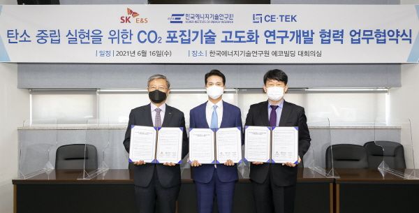 SK E&S는 16일 대전 유성구 한국에너지기술연구원에서 에너지기술연구원 및 씨이텍과 함께 'CO₂ 포집기술 고도화 및 실증∙상용화 연구' 업무협약을 체결했다. SK E&S 추형욱 사장, 김종남 에너지기술연구원장, 이광순 씨이텍 대표이사가 참석했다.
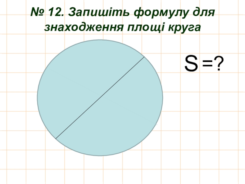 № 12. Запишіть формулу для знаходження площі кругаS=?
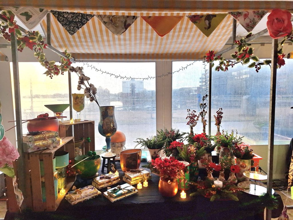 “We boden een overdekte kerstmarkt aan met feestelijk verlichte en verwarmde tenten”, vertelt Elly Hohé van de organisatie, terwijl zij en haar collega’s de laatste kraampjes aan het afbreken zijn. “In totaal hadden we 22 standhouders met een heel gevarieerd aanbod. Je moest denken aan kerstkaarten, mutsen, sieraden, kleding en kerstversieringen.”
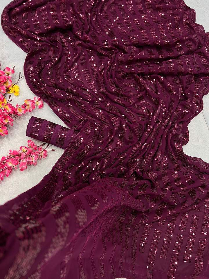 Georgette-saree de trabajo con bordado de secuencia para mujer, blusa de fiesta india, ropa para mujer, saree, barato, precio bajo, venta al por mayor
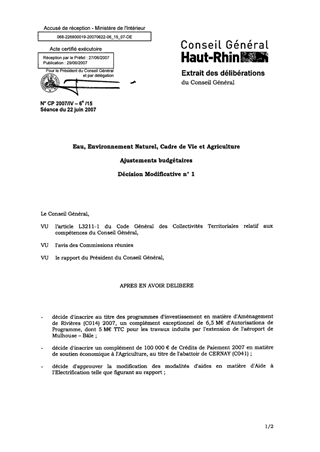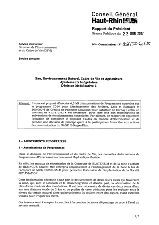 Il vous est proposé d’inscrire 6,5 M€ d’Autorisations de Programmes nouvelles sur le programme C014 pour l’Aménagement des Rivières, Lacs et Barrages et 100 000 € de Crédits de Paiement nouveaux pour l’Abattoir de Cernay ; enfin un montant de 412 873,82 € est nécessaire pour faire face aux réinscriptions de subventions de fonctionnement non soldées. Par ailleurs, ce rapport est également l’occasion de compléter le dispositif d’aides en matière d’électrification et de prendre une décision de principe quant à la participation financière aux actions de communication du SAGE Ill-Nappe-Rhin.
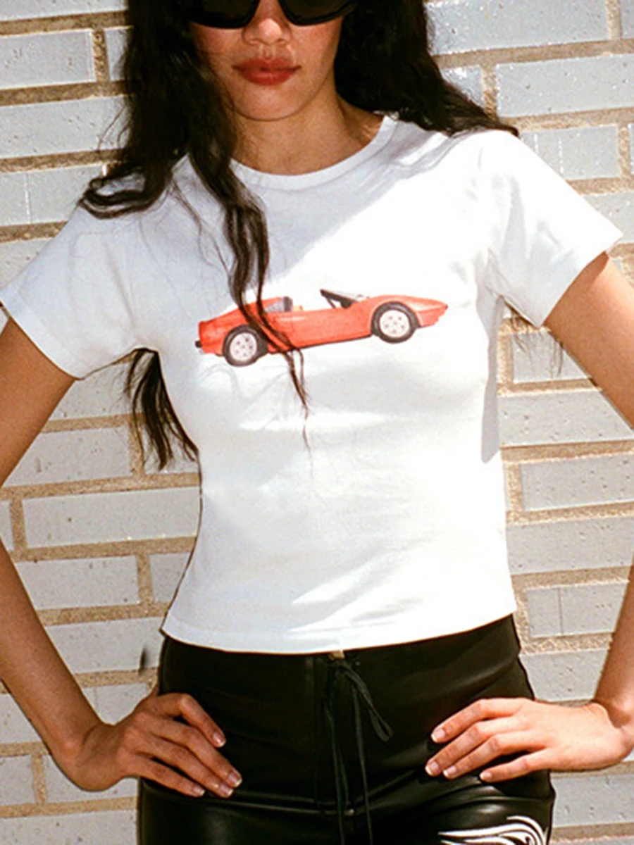 Футболка женская с круглым вырезом, из натурального хлопка, с принтом автомобиля
|---|
§ Task details
The answer should consist only of the lines from the one with "Il vous est" through the last line of the material above, copied exactly, with no pictures.

§ Solution to this task
 Il vous est proposé d’inscrire 6,5 M€ d’Autorisations de Programmes nouvelles sur le programme C014 pour l’Aménagement des Rivières, Lacs et Barrages et 100 000 € de Crédits de Paiement nouveaux pour l’Abattoir de Cernay ; enfin un montant de 412 873,82 € est nécessaire pour faire face aux réinscriptions de subventions de fonctionnement non soldées. Par ailleurs, ce rapport est également l’occasion de compléter le dispositif d’aides en matière d’électrification et de prendre une décision de principe quant à la participation financière aux actions de communication du SAGE Ill-Nappe-Rhin.
 Футболка женская с круглым вырезом, из натурального хлопка, с принтом автомобиля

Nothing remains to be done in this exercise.